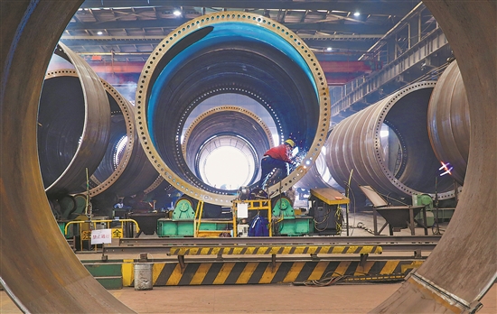 2月18日,江蘇連云港經濟技術開發(fā)區(qū)一家風電設備公司車間內,工人在生產風電塔架。
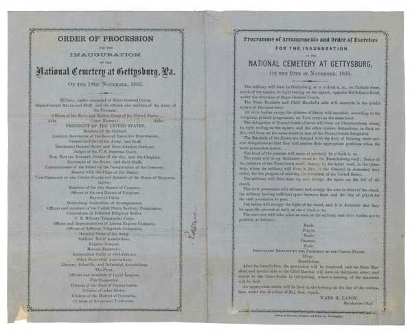 John F. Kennedy – Presidential Inauguration – Official Schedule – 1961 Inaugural EJohn F. Kennedy – 1961 Presidential Inauguration Ceremonies Program – Official ProgramJohn F. Kennedy – 1961 Presidential Inauguration Ceremonies Program – Official ProgramAbraham Lincoln – Civil War Bereavement Letter – 1933 Printed BroadsideLongstreet's Assault, Gettysburg Monument, etc.Mar 02, 20262nd Lieutenant Hans Peter Jorgensen AppointmentMar 02, 2026Robert Todd signed Lincoln Gettysburg addressMar 02, 2026149th Pennsylvania Bucktails Reunion Documents .Mar 02, 2026Massachusetts Civil War Pay Document, etc.Mar 02, 2026Quartermaster's Store, & other Mass DocumentsMar 02, 2026Order of Procession for Abraham Lincoln's FuneraFeb 26, 2026Lt. Elson Misner NY Infantry Battle of the WildernessMar 02, 2026Robert A. Marshall Civil War 28th VA Parole Doc.Mar 02, 20261895 Cotton States and International Exposition Pamphlet U.S. Department of AgricultureFeb 26, 2026Abraham Lincoln Signed Naval Commission. One parFeb 26, 2026Broadside to soldiers who died in service, speechesMar 02, 2026
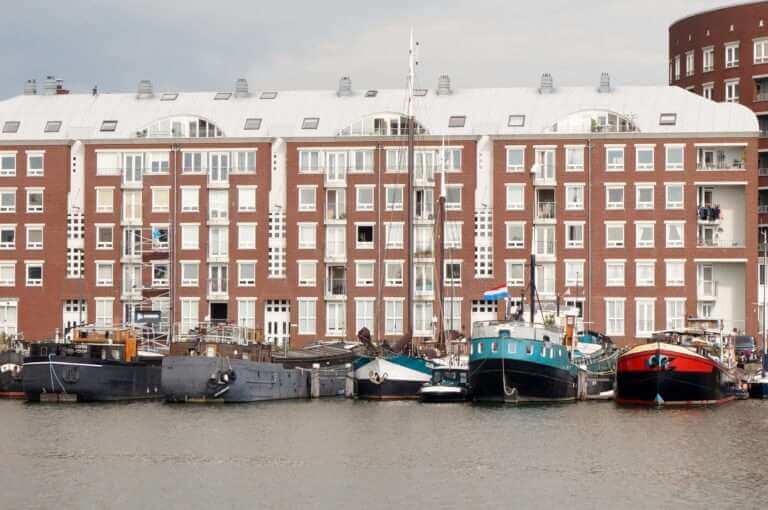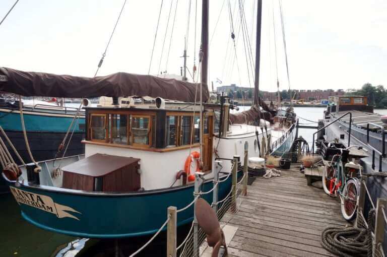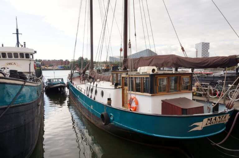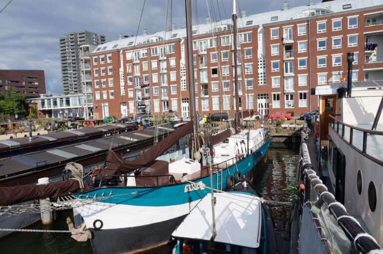 Het schip is afgemeerd aan het KNMS Eiland in een waterrijke omgeving met een stedelijk karakter. De wijk is kindvriendelijk en met veel groen ingericht.
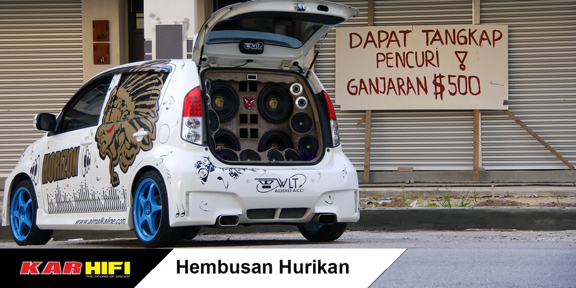 Kalau melihat pada kereta ini, kelihatan ia macam dimiliki oleh sebuah premis untuk sistem demo, tapi sebenarnya ia adalah milik invididu. Apa yang membolehkan seseorang melakukan transformasi sedemikian rupa? Pertama. Minat, kedua minat, ketiga pun minat. Tanpa minat anda tidak akan mengorbankan sebuah kereta yang bagus untuk pengangkutan harian, mengubah kereta lima tempat duduk menjadi dua. Mungkin hanya sebotol softlan yang boleh dibeli di pasaraya dan diletakkan di sini. Ya, itu sahaja. Tiada lagi ruang bagasi.
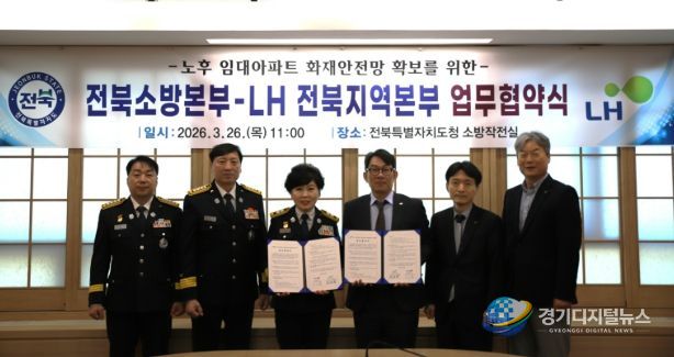 경기디지털뉴스 마성숙 기자 | 전북특별자치도소방본부(본부장 이오숙)는 26일 도청 17층 소방작전실에서 LH 전북지역본부와 노후 임대아파트 화재안전망 확보를 위한 업무협약을 체결했다고 밝혔다.
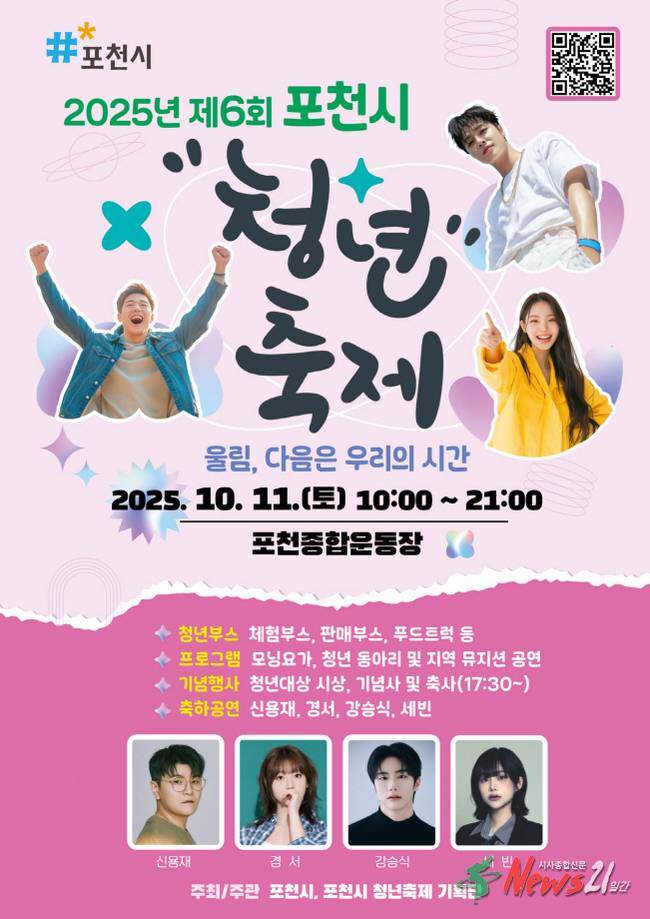 포천시(시장 백영현)는 오는 10월 11일 포천종합운동장에서 ‘2025년 제6회 포천시 청년축제’를 개최한다.
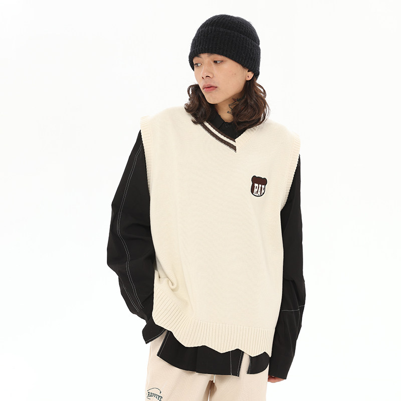 Трикотажный жилет для влюбленных, демисезонный свитер без рукавов, с медвежатами, оверсайз
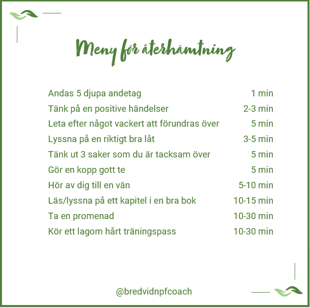 Vad kan finnas på menyn? Här får du några idéer från mig. Välj det som passar dig. Och fyll på med dina egna återhämtande idéer.

## Aim of the task
All of the material above is to be copied exactly, except for its images.

## Task response
 2月18日,江蘇連云港經濟技術開發(fā)區(qū)一家風電設備公司車間內,工人在生產風電塔架。
 John F. Kennedy – Presidential Inauguration – Official Schedule – 1961 Inaugural EJohn F. Kennedy – 1961 Presidential Inauguration Ceremonies Program – Official ProgramJohn F. Kennedy – 1961 Presidential Inauguration Ceremonies Program – Official ProgramAbraham Lincoln – Civil War Bereavement Letter – 1933 Printed BroadsideLongstreet's Assault, Gettysburg Monument, etc.Mar 02, 20262nd Lieutenant Hans Peter Jorgensen AppointmentMar 02, 2026Robert Todd signed Lincoln Gettysburg addressMar 02, 2026149th Pennsylvania Bucktails Reunion Documents .Mar 02, 2026Massachusetts Civil War Pay Document, etc.Mar 02, 2026Quartermaster's Store, & other Mass DocumentsMar 02, 2026Order of Procession for Abraham Lincoln's FuneraFeb 26, 2026Lt. Elson Misner NY Infantry Battle of the WildernessMar 02, 2026Robert A. Marshall Civil War 28th VA Parole Doc.Mar 02, 20261895 Cotton States and International Exposition Pamphlet U.S. Department of AgricultureFeb 26, 2026Abraham Lincoln Signed Naval Commission. One parFeb 26, 2026Broadside to soldiers who died in service, speechesMar 02, 2026
 Het schip is afgemeerd aan het KNMS Eiland in een waterrijke omgeving met een stedelijk karakter. De wijk is kindvriendelijk en met veel groen ingericht.
 Kalau melihat pada kereta ini, kelihatan ia macam dimiliki oleh sebuah premis untuk sistem demo, tapi sebenarnya ia adalah milik invididu. Apa yang membolehkan seseorang melakukan transformasi sedemikian rupa? Pertama. Minat, kedua minat, ketiga pun minat. Tanpa minat anda tidak akan mengorbankan sebuah kereta yang bagus untuk pengangkutan harian, mengubah kereta lima tempat duduk menjadi dua. Mungkin hanya sebotol softlan yang boleh dibeli di pasaraya dan diletakkan di sini. Ya, itu sahaja. Tiada lagi ruang bagasi.
 경기디지털뉴스 마성숙 기자 | 전북특별자치도소방본부(본부장 이오숙)는 26일 도청 17층 소방작전실에서 LH 전북지역본부와 노후 임대아파트 화재안전망 확보를 위한 업무협약을 체결했다고 밝혔다.
 포천시(시장 백영현)는 오는 10월 11일 포천종합운동장에서 ‘2025년 제6회 포천시 청년축제’를 개최한다.
 Трикотажный жилет для влюбленных, демисезонный свитер без рукавов, с медвежатами, оверсайз
 Vad kan finnas på menyn? Här får du några idéer från mig. Välj det som passar dig. Och fyll på med dina egna återhämtande idéer.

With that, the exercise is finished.